* **Task directions**
Copy out the entries exactly, and wherever a picture appears, leave it out.

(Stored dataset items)

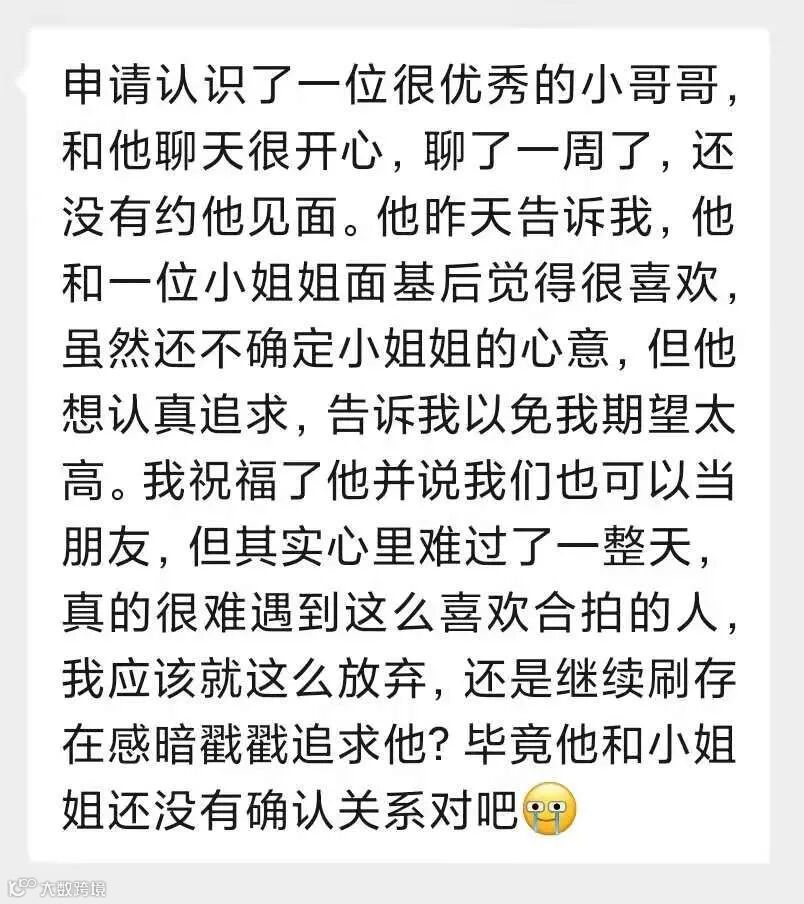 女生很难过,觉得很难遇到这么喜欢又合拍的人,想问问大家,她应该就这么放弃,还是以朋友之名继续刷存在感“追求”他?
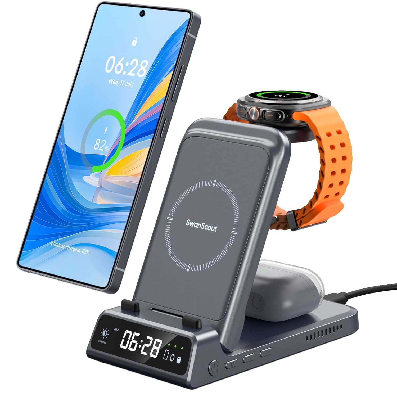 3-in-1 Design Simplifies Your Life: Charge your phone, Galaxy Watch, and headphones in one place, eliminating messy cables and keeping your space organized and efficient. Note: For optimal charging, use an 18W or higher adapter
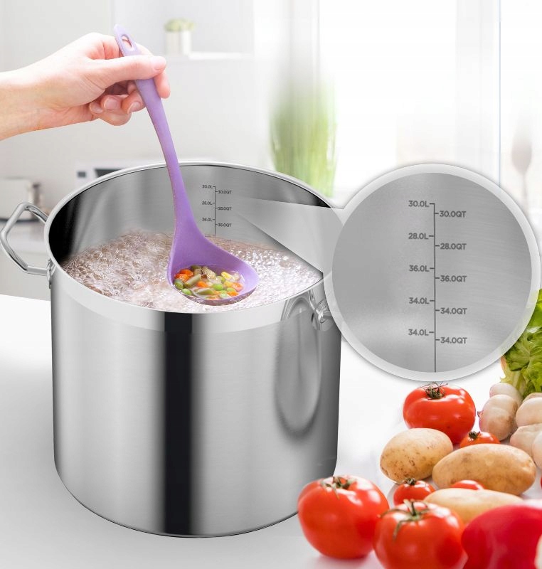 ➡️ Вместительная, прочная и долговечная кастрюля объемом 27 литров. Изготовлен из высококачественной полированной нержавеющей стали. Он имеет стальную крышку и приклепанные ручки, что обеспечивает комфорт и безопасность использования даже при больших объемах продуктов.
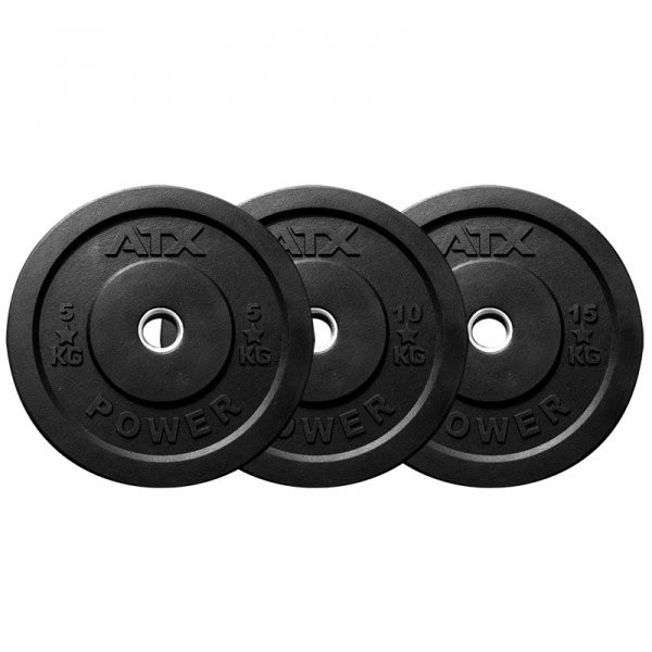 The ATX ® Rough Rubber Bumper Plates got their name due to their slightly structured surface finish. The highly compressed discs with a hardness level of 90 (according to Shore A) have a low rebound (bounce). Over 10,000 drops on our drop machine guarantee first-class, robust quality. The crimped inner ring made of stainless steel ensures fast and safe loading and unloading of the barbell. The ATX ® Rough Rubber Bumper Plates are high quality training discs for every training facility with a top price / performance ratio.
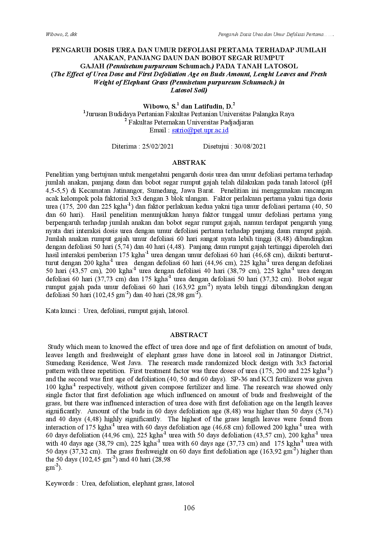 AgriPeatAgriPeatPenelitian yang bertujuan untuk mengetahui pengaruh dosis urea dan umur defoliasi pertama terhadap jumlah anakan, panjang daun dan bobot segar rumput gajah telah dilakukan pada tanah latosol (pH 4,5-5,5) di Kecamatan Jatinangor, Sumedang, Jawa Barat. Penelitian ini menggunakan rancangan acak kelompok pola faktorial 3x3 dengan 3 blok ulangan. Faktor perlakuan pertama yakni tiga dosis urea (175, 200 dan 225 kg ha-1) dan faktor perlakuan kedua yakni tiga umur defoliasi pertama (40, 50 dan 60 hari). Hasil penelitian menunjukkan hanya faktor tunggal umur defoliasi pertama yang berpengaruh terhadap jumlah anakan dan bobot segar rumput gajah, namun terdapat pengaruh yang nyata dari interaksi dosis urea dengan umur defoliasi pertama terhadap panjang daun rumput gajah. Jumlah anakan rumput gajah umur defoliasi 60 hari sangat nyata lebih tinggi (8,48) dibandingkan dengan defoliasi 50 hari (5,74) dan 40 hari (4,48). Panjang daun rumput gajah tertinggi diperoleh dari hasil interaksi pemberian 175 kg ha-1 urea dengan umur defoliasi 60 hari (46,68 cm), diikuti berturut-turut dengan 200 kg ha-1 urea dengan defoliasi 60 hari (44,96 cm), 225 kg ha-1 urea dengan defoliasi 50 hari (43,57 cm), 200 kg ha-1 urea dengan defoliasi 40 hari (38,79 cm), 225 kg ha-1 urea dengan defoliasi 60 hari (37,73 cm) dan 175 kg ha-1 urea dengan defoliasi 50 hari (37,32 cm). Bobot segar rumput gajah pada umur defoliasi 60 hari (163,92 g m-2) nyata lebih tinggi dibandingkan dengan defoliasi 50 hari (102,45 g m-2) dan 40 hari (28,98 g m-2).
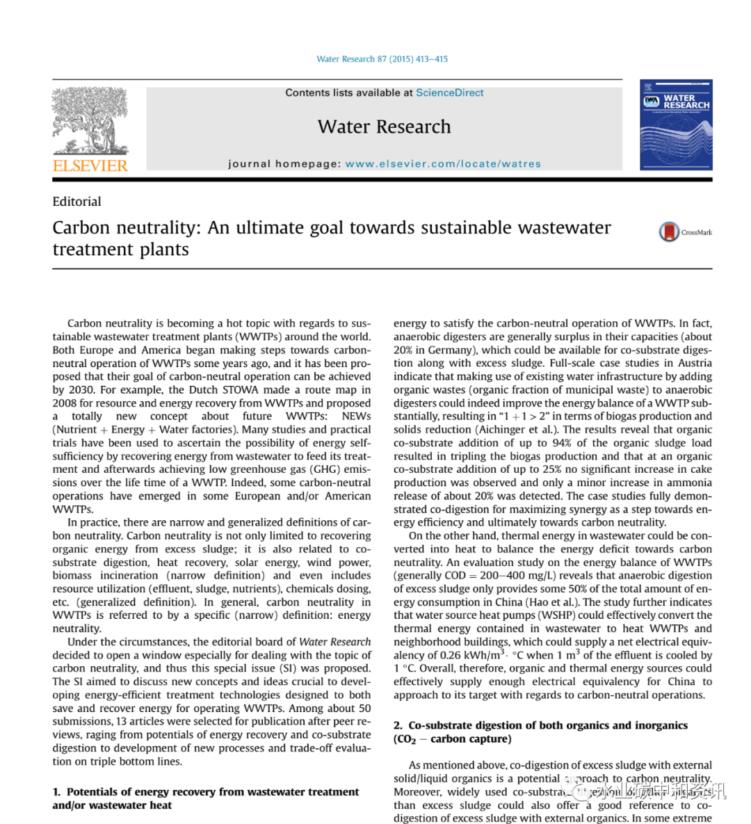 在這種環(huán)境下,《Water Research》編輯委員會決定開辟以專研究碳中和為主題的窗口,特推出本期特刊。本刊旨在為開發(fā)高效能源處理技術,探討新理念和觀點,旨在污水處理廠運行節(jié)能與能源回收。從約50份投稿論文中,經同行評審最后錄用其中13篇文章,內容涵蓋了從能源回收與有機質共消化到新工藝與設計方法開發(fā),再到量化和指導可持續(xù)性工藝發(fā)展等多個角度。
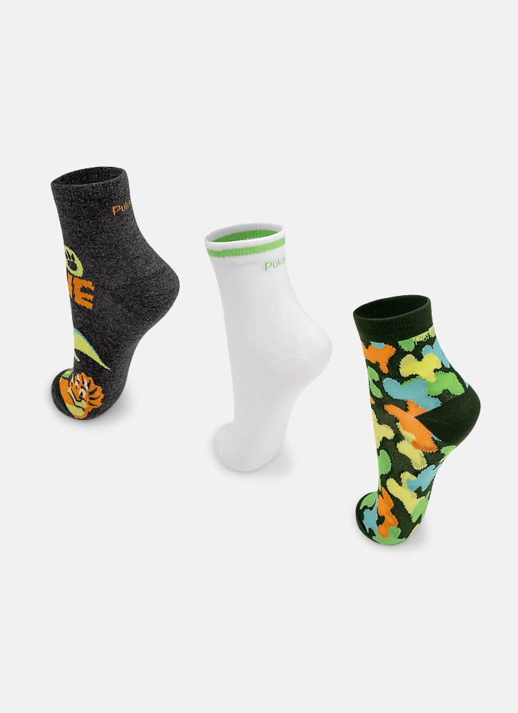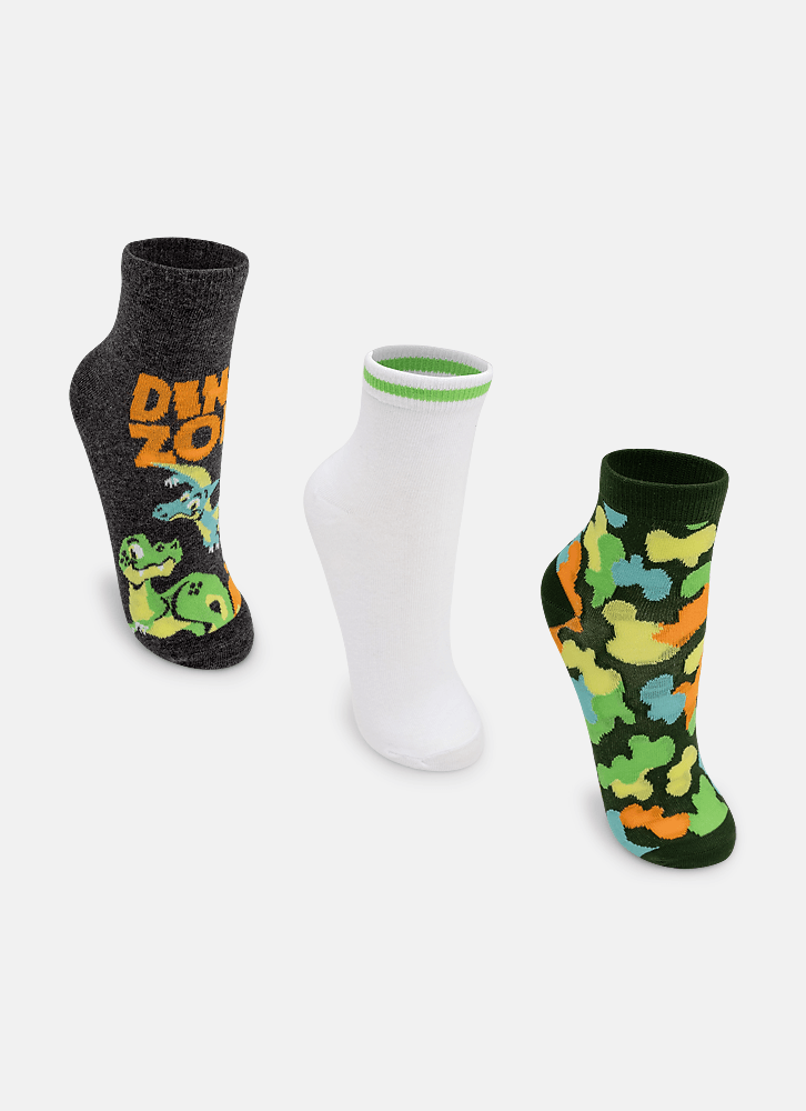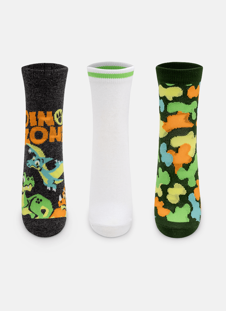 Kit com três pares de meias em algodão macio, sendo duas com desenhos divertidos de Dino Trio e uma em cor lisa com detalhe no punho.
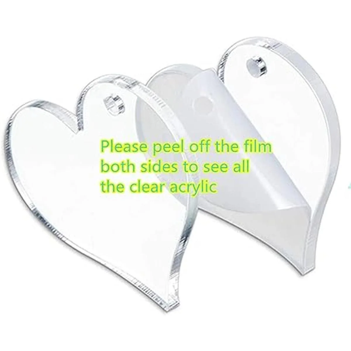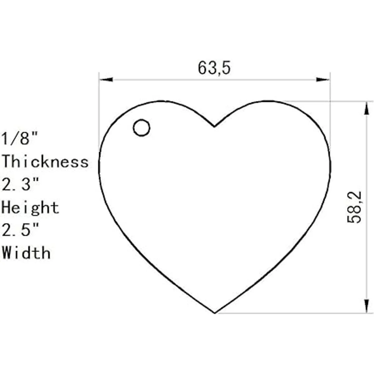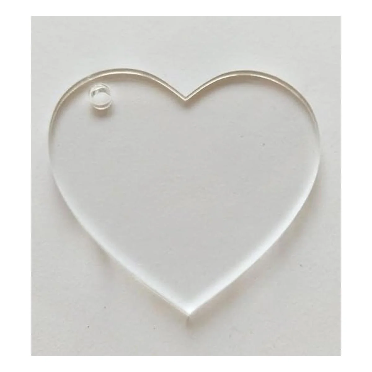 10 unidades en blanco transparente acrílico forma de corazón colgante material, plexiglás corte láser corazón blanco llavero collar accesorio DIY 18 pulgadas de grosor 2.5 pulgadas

* **Reply**
 女生很难过,觉得很难遇到这么喜欢又合拍的人,想问问大家,她应该就这么放弃,还是以朋友之名继续刷存在感“追求”他?
 3-in-1 Design Simplifies Your Life: Charge your phone, Galaxy Watch, and headphones in one place, eliminating messy cables and keeping your space organized and efficient. Note: For optimal charging, use an 18W or higher adapter
 ➡️ Вместительная, прочная и долговечная кастрюля объемом 27 литров. Изготовлен из высококачественной полированной нержавеющей стали. Он имеет стальную крышку и приклепанные ручки, что обеспечивает комфорт и безопасность использования даже при больших объемах продуктов.
 The ATX ® Rough Rubber Bumper Plates got their name due to their slightly structured surface finish. The highly compressed discs with a hardness level of 90 (according to Shore A) have a low rebound (bounce). Over 10,000 drops on our drop machine guarantee first-class, robust quality. The crimped inner ring made of stainless steel ensures fast and safe loading and unloading of the barbell. The ATX ® Rough Rubber Bumper Plates are high quality training discs for every training facility with a top price / performance ratio.
 AgriPeatAgriPeatPenelitian yang bertujuan untuk mengetahui pengaruh dosis urea dan umur defoliasi pertama terhadap jumlah anakan, panjang daun dan bobot segar rumput gajah telah dilakukan pada tanah latosol (pH 4,5-5,5) di Kecamatan Jatinangor, Sumedang, Jawa Barat. Penelitian ini menggunakan rancangan acak kelompok pola faktorial 3x3 dengan 3 blok ulangan. Faktor perlakuan pertama yakni tiga dosis urea (175, 200 dan 225 kg ha-1) dan faktor perlakuan kedua yakni tiga umur defoliasi pertama (40, 50 dan 60 hari). Hasil penelitian menunjukkan hanya faktor tunggal umur defoliasi pertama yang berpengaruh terhadap jumlah anakan dan bobot segar rumput gajah, namun terdapat pengaruh yang nyata dari interaksi dosis urea dengan umur defoliasi pertama terhadap panjang daun rumput gajah. Jumlah anakan rumput gajah umur defoliasi 60 hari sangat nyata lebih tinggi (8,48) dibandingkan dengan defoliasi 50 hari (5,74) dan 40 hari (4,48). Panjang daun rumput gajah tertinggi diperoleh dari hasil interaksi pemberian 175 kg ha-1 urea dengan umur defoliasi 60 hari (46,68 cm), diikuti berturut-turut dengan 200 kg ha-1 urea dengan defoliasi 60 hari (44,96 cm), 225 kg ha-1 urea dengan defoliasi 50 hari (43,57 cm), 200 kg ha-1 urea dengan defoliasi 40 hari (38,79 cm), 225 kg ha-1 urea dengan defoliasi 60 hari (37,73 cm) dan 175 kg ha-1 urea dengan defoliasi 50 hari (37,32 cm). Bobot segar rumput gajah pada umur defoliasi 60 hari (163,92 g m-2) nyata lebih tinggi dibandingkan dengan defoliasi 50 hari (102,45 g m-2) dan 40 hari (28,98 g m-2).
 在這種環(huán)境下,《Water Research》編輯委員會決定開辟以專研究碳中和為主題的窗口,特推出本期特刊。本刊旨在為開發(fā)高效能源處理技術,探討新理念和觀點,旨在污水處理廠運行節(jié)能與能源回收。從約50份投稿論文中,經同行評審最后錄用其中13篇文章,內容涵蓋了從能源回收與有機質共消化到新工藝與設計方法開發(fā),再到量化和指導可持續(xù)性工藝發(fā)展等多個角度。
 Kit com três pares de meias em algodão macio, sendo duas com desenhos divertidos de Dino Trio e uma em cor lisa com detalhe no punho.
 10 unidades en blanco transparente acrílico forma de corazón colgante material, plexiglás corte láser corazón blanco llavero collar accesorio DIY 18 pulgadas de grosor 2.5 pulgadas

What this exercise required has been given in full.